Chappie Is Pretty Much an R-Rated Fairy Tale


Chappie is the third feature film from South African-born director Neill Blomkamp, and the second to be co-written with his wife Terri Tatchell. Blomkamp, who got his start in special effects, is known for his obsessively detailed futuristic visuals, but Tatchell is more focused on the characters. She thinks Chappie, about a police robot who becomes self-aware and childlike, benefits from her perspective as a mother and her research into developmental psychology. She also thinks the film is less about hardware and more about magic and wonder.


“Neill is the science fiction guy and I am more the fairy tale person,” Tatchell says in Episode 140 of the Geek’s Guide to the Galaxy podcast. “Neill and I disagree on this horribly, but to me it’s an R-rated fairy tale. It’s an inanimate object that’s being given a soul.”


Those sorts of creative differences among husband and wife can easily lead to an unhappy home, something the pair discovered while working together on District 9 . Afterward they swore off collaboration, and Blomkamp worked solo on his next film, Elysium . But when Tatchell heard the pitch for Chappie, she knew she wanted in. So in order to maintain a happy marriage, the pair agreed on a strict separation between home life and work.


“We didn’t ever talk face-to-face about the script,” Tatchell says. “We’d only email back and forth.”


That script, which is full of robots, gangs, and gun battles, might not seem like your average fairy tale, but for Tatchell the story harkens back to a time before Disney.


“The R-rated side of it dates back to the original fairy tales, where you get to be brutal and violent and terrifying with it,” she says.


Tatchell describes herself as relentlessly positive, and says she’s optimistic that sentient robots will be friendly toward humanity, but she also feels that darker themes often make for a more dramatic story. The darker side of Chappie was influenced by one of her favorite films, The Iron Giant , in which a friendly, childlike robot is hunted by a fearful military.


“I like the darkness,” she says. “There is darkness in life and there is light in life, and I think the darkness, the tragedy in life, makes the bright moments all the brighter.”

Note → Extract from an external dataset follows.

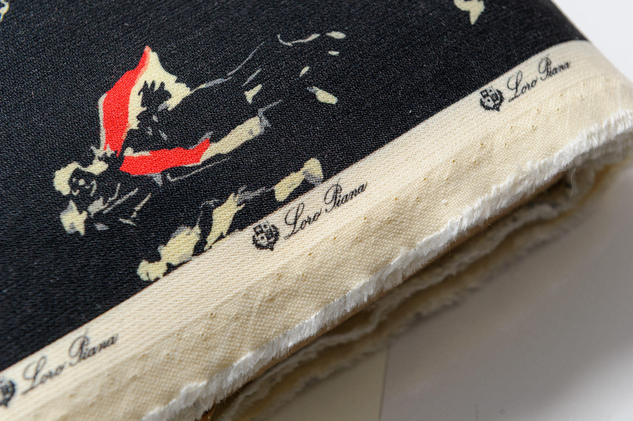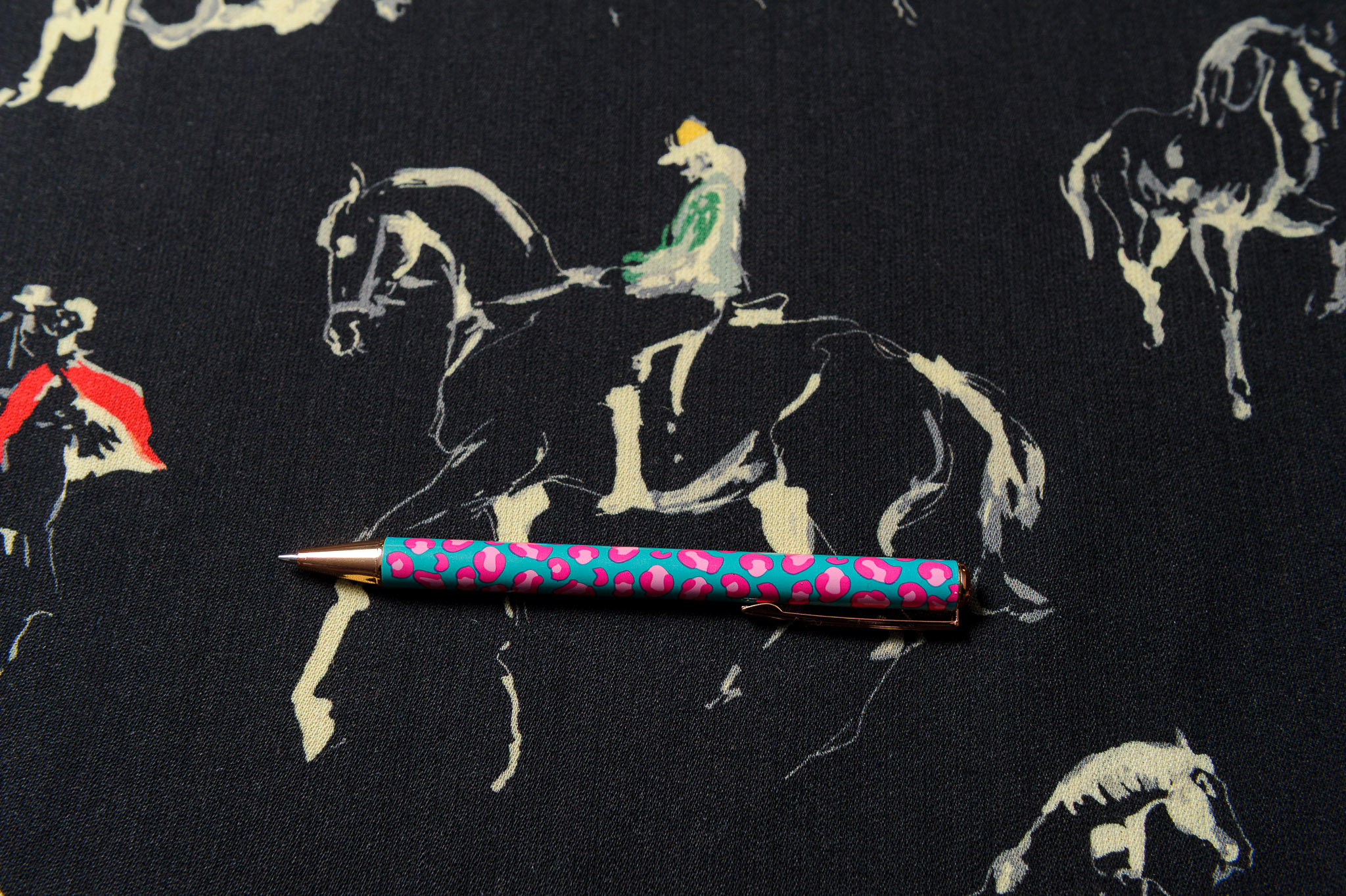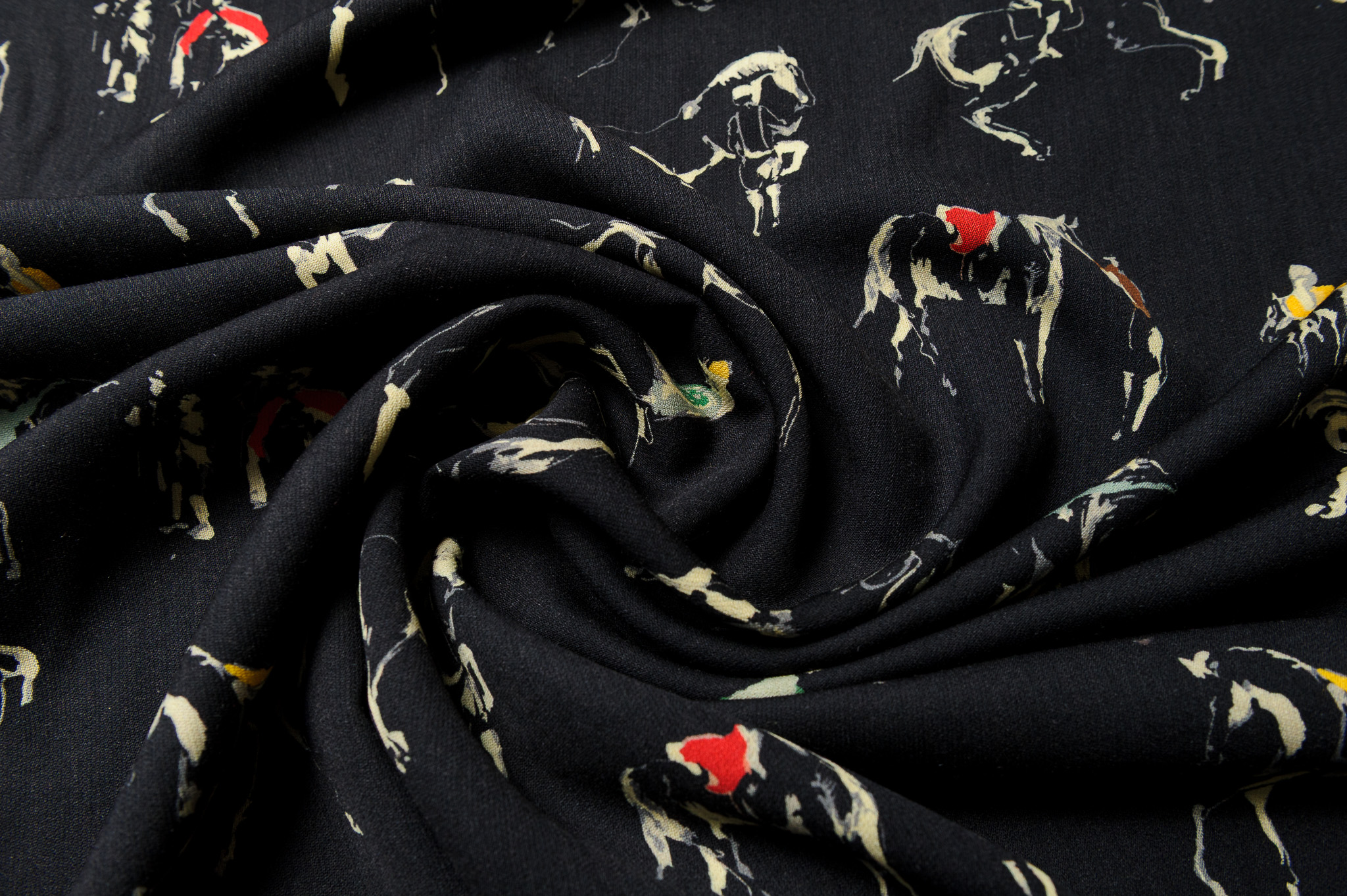 Materiał naturalny, miękki. Nie prześwituje. Wzór w konie na przygaszonym czarnym tle. Odpowiedni na marynarkę, spodnie, spódnicę, sukienkę.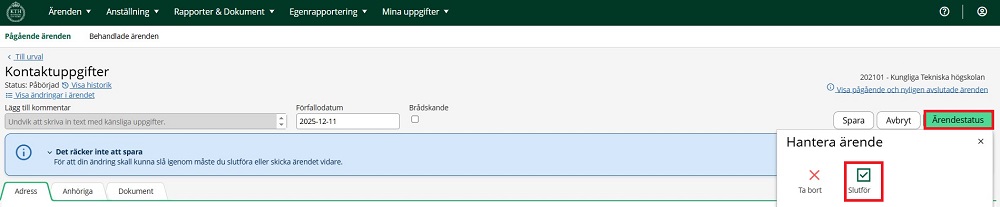 4. Klicka på "Ärendestatus” följt av “Slutför” för att uppdateringen ska gå igenom.

Listen to our complete interview with Terri Tatchell in Episode 140 of Geek’s Guide to the Galaxy (above), and check out some highlights from the discussion below.


Terri Tatchell on robots:


“We were just in Berlin, and there are lap-dancing robots in Berlin. There are three lap-dancing robots, and so of course I had to search them out and see, and I don’t know about the AI, but what robots are capable of is a lot more advanced than I thought it was. And we’re just seeing what’s out there, so who knows what’s being done behind closed doors. … I know the flavor of the month is to be dreading this, and thinking that it’s terrifying, but I tend to run around with rose-colored glasses on, and if they are that smart—I mean, the whole thing with Chappie to me is how humane he is, despite the fact that he isn’t human, and I would like to believe that if there is this superior intelligence, that behaving humanely would be a more intelligent way to be.”


Terri Tatchell on rappers Ninja and Yo-Landi:


“We wrote [the characters] as them, right from the get-go. When Neill first pitched me the idea, it was Ninja and Yo-Landi. So it’s always been them. … The first time I met Ninja and Yo-Landi was when they were playing in Vancouver at the Commodore, and we watched the show, and then we went backstage to meet them, and I’d heard that they had ‘D9′ [for District 9] tattooed in their lips, and I saw that, yeah, they did have D9 in their lips. But someone told me since then that if you get a tattoo in your lip, it’s not forever, that the tissue in your lip pushes the ink out—or whatever a tattoo is—so whether it’s still there or not I’m not sure. But Yo-Landi did get a ‘Chappie’ tattoo on her arm before the film was greenlit, and that added a little bit of pressure.”


Terri Tatchell on Neill Blomkamp:


“He’s an avid reader of anything science-based. He’s one of those guys that you can ask him about anything, and he knows the latest stats and the latest research. My daughter and I play a game of trying to find topics that we can throw at him where he won’t know something about the latest facts on it, and it’s tough. We’ll go to some female places to try to come up with some topics, and that’s about the only place we can win. … I think we got him with ovulation, something about ovulation.”


Terri Tatchell on swearing in her movies:


“Both my grandmas went to [District 9]. One of my grandmas is kind of deaf, so it was OK, she didn’t really know, but the other grandma was like, ‘Why did you have to have all that swearing in it?’ I was like, ‘That was Sharlto, grandma. He [improvised] all the swear words.’ But there’s a lot of swearing in this film too, and also Ninja and Yo-Landi decorated their own lair, and Ninja drew penises everywhere. So there’s penises all over their lair, and I’m just waiting for—my other grandma’s passed away, but the one that’s kind of deaf, she’s going to see those penises, so I’m not looking forward to that conversation at all.”